Gov. Edwards, who backs the parish lawsuits, tried to get the responsible parties to reach settlements with the state but was unable to resolve the matter.
The Gulf Coast sustains drilling operations, refineries, and a large pipeline network, which are vulnerable to coastal erosion and storms that are likely to be intensified by climate change. Rising tides associated with climate change impact Louisiana four times more than average because the state is already experiencing natural subsidence, according to a new study by scientists at Tulane University.
That is one reason why those opposing the Bayou Bridge pipeline are ready to dig in for battle.
“The Bayou Bridge pipeline is clearly the wrong direction,” Rolfes told me. She pointed out that just because Louisiana’s number one industry is oil and gas doesn’t mean it is sustainable.
Many pipeline opponents are not dissuaded by the fact that recent anti-pipeline victories turned out to be only temporary, including stopping the northern route of the Keystone XL pipeline and the halting of construction on the Dakota Access pipeline.
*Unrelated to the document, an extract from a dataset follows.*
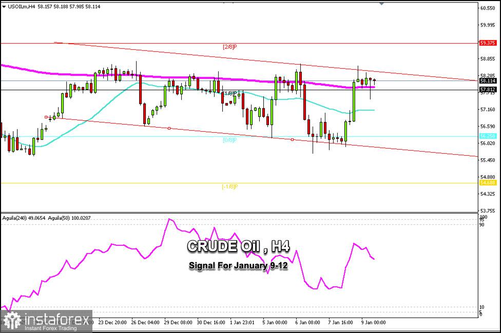 Sinyal Trading untuk MINYAK MENTAH pada 9-12 Januari 2026: beli di atas $57,80 (EMA 200 - Murray 1/8)

They believe momentum is on their side, and that the time for change is now because the planet can’t wait.
Rolfes is meeting with water protectors from Standing Rock who are coming to New Orleans to share their experience. Although she holds out hope the project will not get the other permit and water certification it needs, if it does, she expects the coalition to grow ten-fold, as pipeline fighters from across the country have vowed to stop it.
“It’s no surprise to us that the LDNR is issuing the permit; rubber stamping is business as usual in Louisiana,” Cheri Foytlin, state director of Bold Louisiana told me. “What they don’t realize is, as much as we are fighting to say ‘No’ to this pipeline, we are also fighting for the affordability to say ‘Yes’ to clean energy jobs and the protections of our crawfishers, indigenous peoples, and landowners, and we won’t let anyone stand in our way on that. Times are changing, we must change with them, or risk being left behind.”